Exercise details:
Write the records out again exactly, leaving no images in.

_ _ _ _

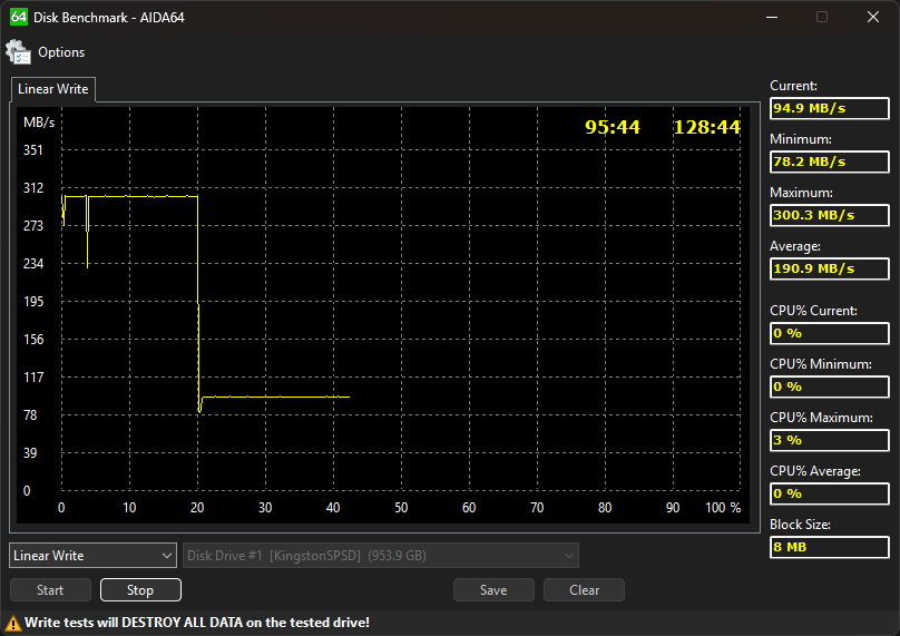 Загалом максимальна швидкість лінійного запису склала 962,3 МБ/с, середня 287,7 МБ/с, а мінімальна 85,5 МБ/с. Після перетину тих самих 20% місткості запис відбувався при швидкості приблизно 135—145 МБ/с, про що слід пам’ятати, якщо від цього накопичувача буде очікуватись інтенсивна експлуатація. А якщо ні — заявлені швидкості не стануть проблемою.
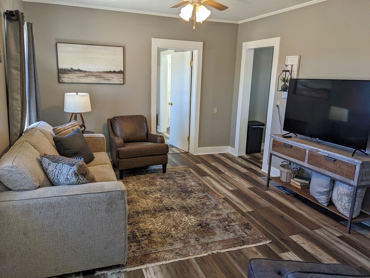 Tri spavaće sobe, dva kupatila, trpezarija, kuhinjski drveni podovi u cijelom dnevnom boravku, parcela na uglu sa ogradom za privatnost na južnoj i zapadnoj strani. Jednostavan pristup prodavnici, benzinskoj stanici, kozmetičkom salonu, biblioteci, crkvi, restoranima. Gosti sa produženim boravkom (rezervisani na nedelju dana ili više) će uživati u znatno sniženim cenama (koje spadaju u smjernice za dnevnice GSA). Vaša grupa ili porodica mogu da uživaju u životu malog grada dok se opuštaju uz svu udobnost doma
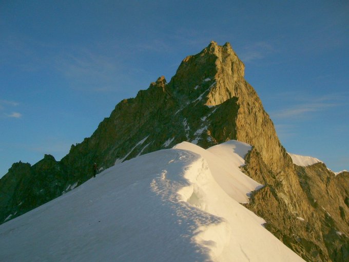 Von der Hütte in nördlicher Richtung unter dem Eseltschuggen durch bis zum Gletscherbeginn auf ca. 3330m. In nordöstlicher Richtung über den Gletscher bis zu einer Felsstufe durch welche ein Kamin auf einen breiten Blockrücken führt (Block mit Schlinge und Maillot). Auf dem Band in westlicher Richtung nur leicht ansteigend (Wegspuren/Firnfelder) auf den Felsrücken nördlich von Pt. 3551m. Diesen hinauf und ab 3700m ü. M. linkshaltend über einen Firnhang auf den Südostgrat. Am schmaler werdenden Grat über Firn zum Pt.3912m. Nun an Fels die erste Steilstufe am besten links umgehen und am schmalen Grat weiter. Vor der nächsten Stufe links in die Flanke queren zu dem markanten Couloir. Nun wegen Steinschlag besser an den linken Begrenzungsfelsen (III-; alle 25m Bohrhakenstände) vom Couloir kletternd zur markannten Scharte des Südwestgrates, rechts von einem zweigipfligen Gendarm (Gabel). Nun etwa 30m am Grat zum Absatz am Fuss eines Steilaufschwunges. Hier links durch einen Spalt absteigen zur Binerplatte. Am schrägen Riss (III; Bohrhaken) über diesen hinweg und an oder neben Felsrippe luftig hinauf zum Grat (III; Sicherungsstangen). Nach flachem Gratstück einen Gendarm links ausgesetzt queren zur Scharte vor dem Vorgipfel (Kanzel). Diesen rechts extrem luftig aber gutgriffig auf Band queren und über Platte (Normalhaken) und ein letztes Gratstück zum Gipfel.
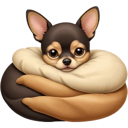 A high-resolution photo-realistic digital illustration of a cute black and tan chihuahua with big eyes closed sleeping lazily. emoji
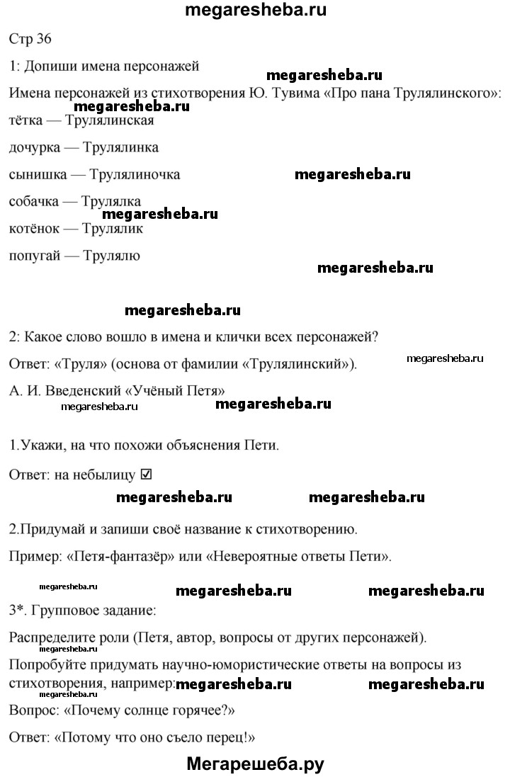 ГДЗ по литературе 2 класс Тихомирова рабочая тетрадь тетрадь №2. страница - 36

_ _ _ _

Result of the exercise:
 Загалом максимальна швидкість лінійного запису склала 962,3 МБ/с, середня 287,7 МБ/с, а мінімальна 85,5 МБ/с. Після перетину тих самих 20% місткості запис відбувався при швидкості приблизно 135—145 МБ/с, про що слід пам’ятати, якщо від цього накопичувача буде очікуватись інтенсивна експлуатація. А якщо ні — заявлені швидкості не стануть проблемою.
 Tri spavaće sobe, dva kupatila, trpezarija, kuhinjski drveni podovi u cijelom dnevnom boravku, parcela na uglu sa ogradom za privatnost na južnoj i zapadnoj strani. Jednostavan pristup prodavnici, benzinskoj stanici, kozmetičkom salonu, biblioteci, crkvi, restoranima. Gosti sa produženim boravkom (rezervisani na nedelju dana ili više) će uživati u znatno sniženim cenama (koje spadaju u smjernice za dnevnice GSA). Vaša grupa ili porodica mogu da uživaju u životu malog grada dok se opuštaju uz svu udobnost doma
 Von der Hütte in nördlicher Richtung unter dem Eseltschuggen durch bis zum Gletscherbeginn auf ca. 3330m. In nordöstlicher Richtung über den Gletscher bis zu einer Felsstufe durch welche ein Kamin auf einen breiten Blockrücken führt (Block mit Schlinge und Maillot). Auf dem Band in westlicher Richtung nur leicht ansteigend (Wegspuren/Firnfelder) auf den Felsrücken nördlich von Pt. 3551m. Diesen hinauf und ab 3700m ü. M. linkshaltend über einen Firnhang auf den Südostgrat. Am schmaler werdenden Grat über Firn zum Pt.3912m. Nun an Fels die erste Steilstufe am besten links umgehen und am schmalen Grat weiter. Vor der nächsten Stufe links in die Flanke queren zu dem markanten Couloir. Nun wegen Steinschlag besser an den linken Begrenzungsfelsen (III-; alle 25m Bohrhakenstände) vom Couloir kletternd zur markannten Scharte des Südwestgrates, rechts von einem zweigipfligen Gendarm (Gabel). Nun etwa 30m am Grat zum Absatz am Fuss eines Steilaufschwunges. Hier links durch einen Spalt absteigen zur Binerplatte. Am schrägen Riss (III; Bohrhaken) über diesen hinweg und an oder neben Felsrippe luftig hinauf zum Grat (III; Sicherungsstangen). Nach flachem Gratstück einen Gendarm links ausgesetzt queren zur Scharte vor dem Vorgipfel (Kanzel). Diesen rechts extrem luftig aber gutgriffig auf Band queren und über Platte (Normalhaken) und ein letztes Gratstück zum Gipfel.
 A high-resolution photo-realistic digital illustration of a cute black and tan chihuahua with big eyes closed sleeping lazily. emoji
 ГДЗ по литературе 2 класс Тихомирова рабочая тетрадь тетрадь №2. страница - 36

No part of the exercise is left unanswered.